DATA PROVIDED:
────────────────────

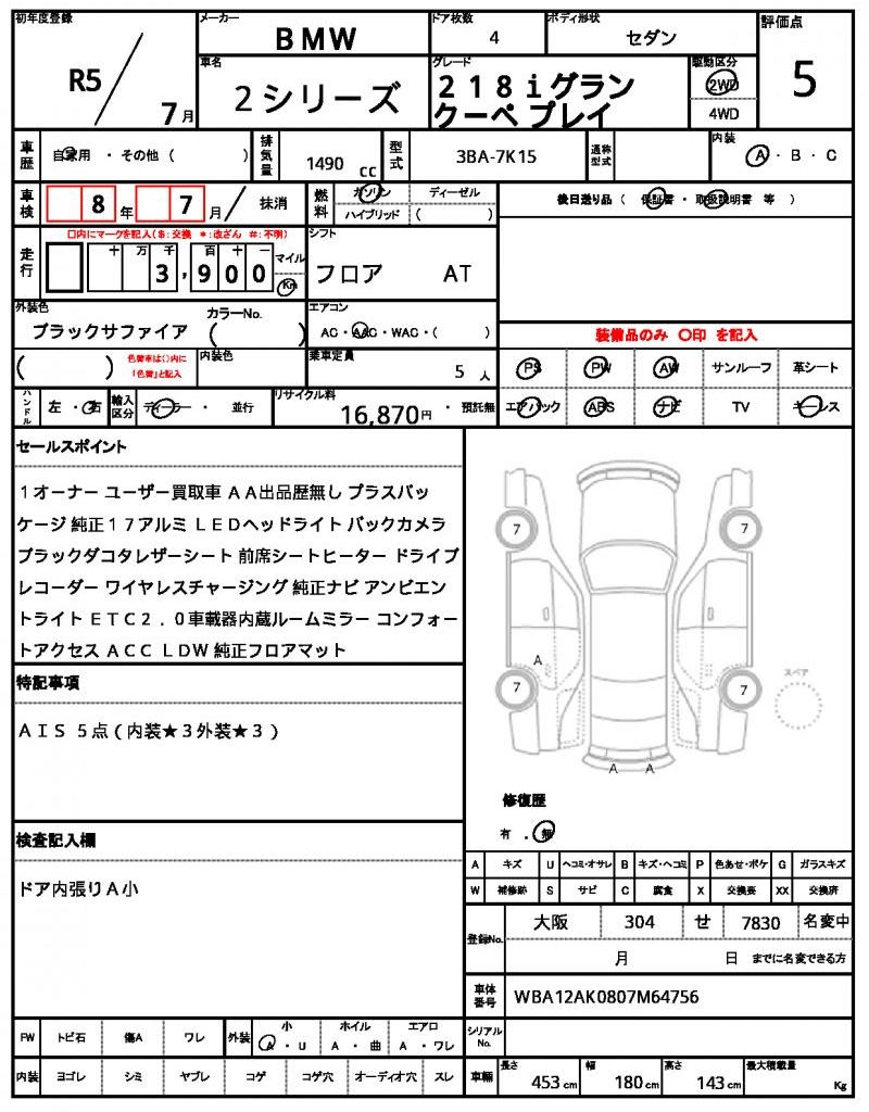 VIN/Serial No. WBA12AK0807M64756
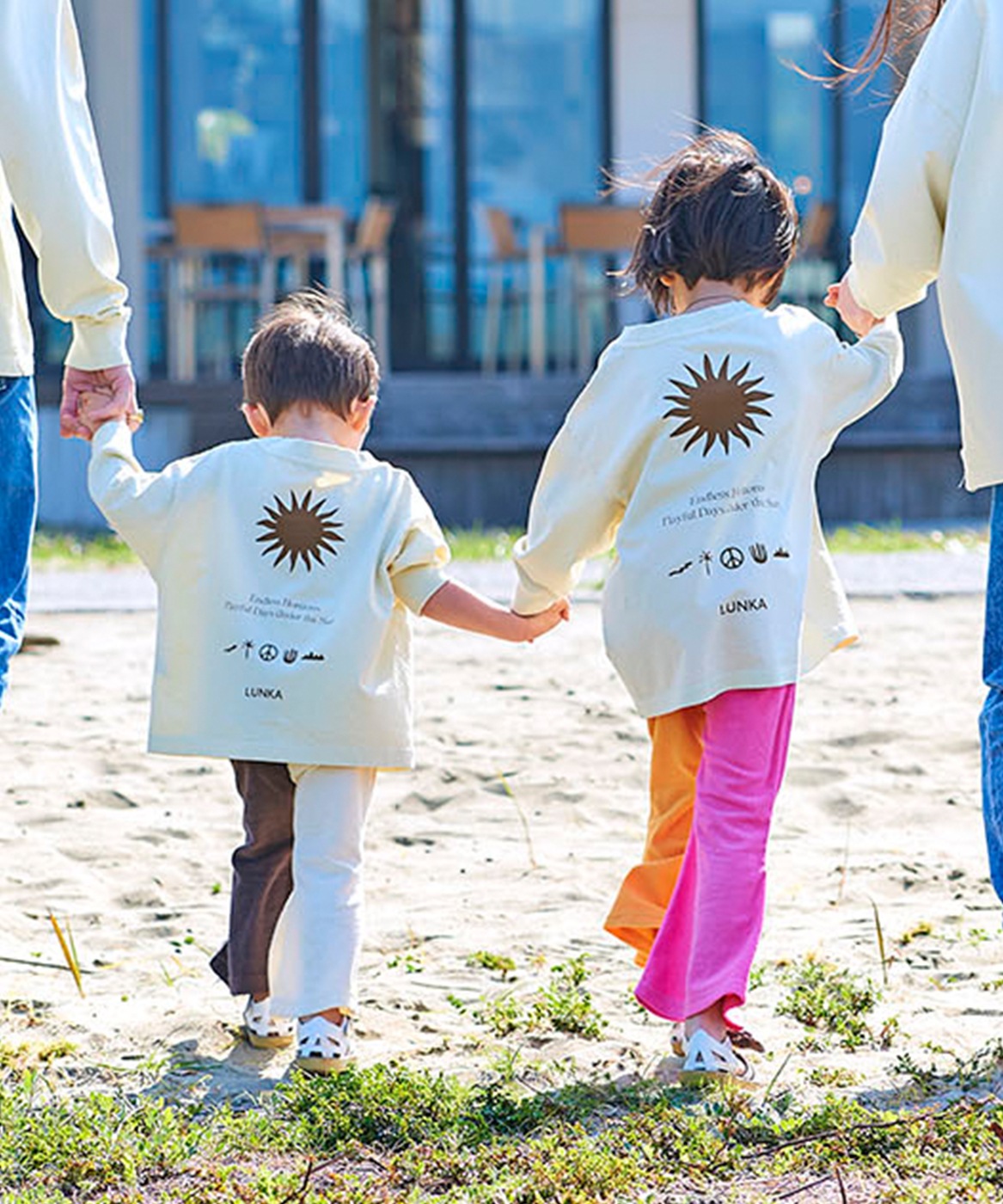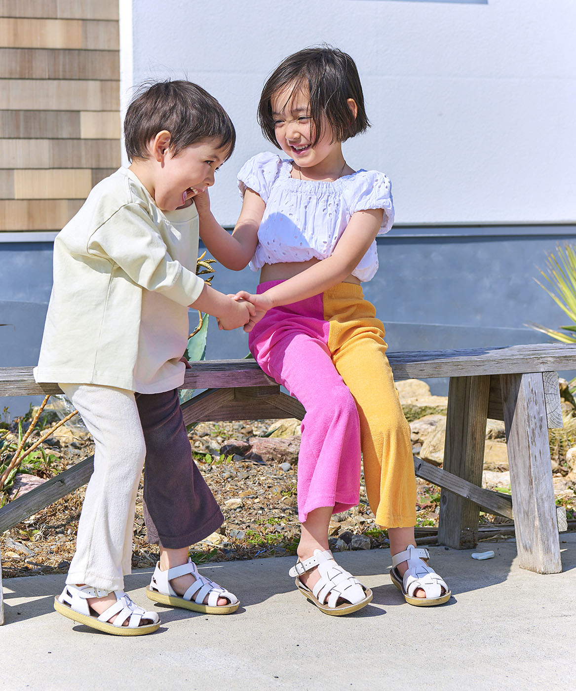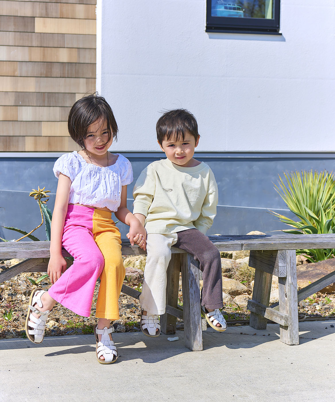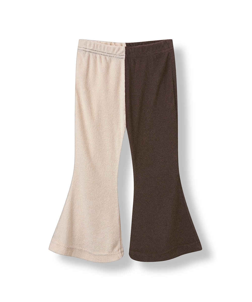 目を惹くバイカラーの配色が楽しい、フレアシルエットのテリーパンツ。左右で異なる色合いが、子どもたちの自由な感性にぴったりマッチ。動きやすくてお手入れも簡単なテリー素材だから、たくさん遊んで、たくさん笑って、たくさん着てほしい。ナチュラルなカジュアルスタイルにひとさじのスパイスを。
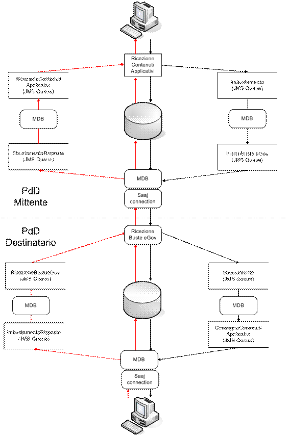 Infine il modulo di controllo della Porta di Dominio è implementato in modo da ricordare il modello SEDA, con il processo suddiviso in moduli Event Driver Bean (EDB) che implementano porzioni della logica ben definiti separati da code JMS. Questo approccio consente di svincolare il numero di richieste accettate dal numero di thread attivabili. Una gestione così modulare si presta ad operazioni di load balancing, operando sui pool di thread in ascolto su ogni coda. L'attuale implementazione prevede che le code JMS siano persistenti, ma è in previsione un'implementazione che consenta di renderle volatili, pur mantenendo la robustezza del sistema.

────────────────────

TASK STATEMENT: An image-free, exact version of the listing above is required.

RESPONSE TO THIS EXERCISE:
 VIN/Serial No. WBA12AK0807M64756
 目を惹くバイカラーの配色が楽しい、フレアシルエットのテリーパンツ。左右で異なる色合いが、子どもたちの自由な感性にぴったりマッチ。動きやすくてお手入れも簡単なテリー素材だから、たくさん遊んで、たくさん笑って、たくさん着てほしい。ナチュラルなカジュアルスタイルにひとさじのスパイスを。
 Infine il modulo di controllo della Porta di Dominio è implementato in modo da ricordare il modello SEDA, con il processo suddiviso in moduli Event Driver Bean (EDB) che implementano porzioni della logica ben definiti separati da code JMS. Questo approccio consente di svincolare il numero di richieste accettate dal numero di thread attivabili. Una gestione così modulare si presta ad operazioni di load balancing, operando sui pool di thread in ascolto su ogni coda. L'attuale implementazione prevede che le code JMS siano persistenti, ma è in previsione un'implementazione che consenta di renderle volatili, pur mantenendo la robustezza del sistema.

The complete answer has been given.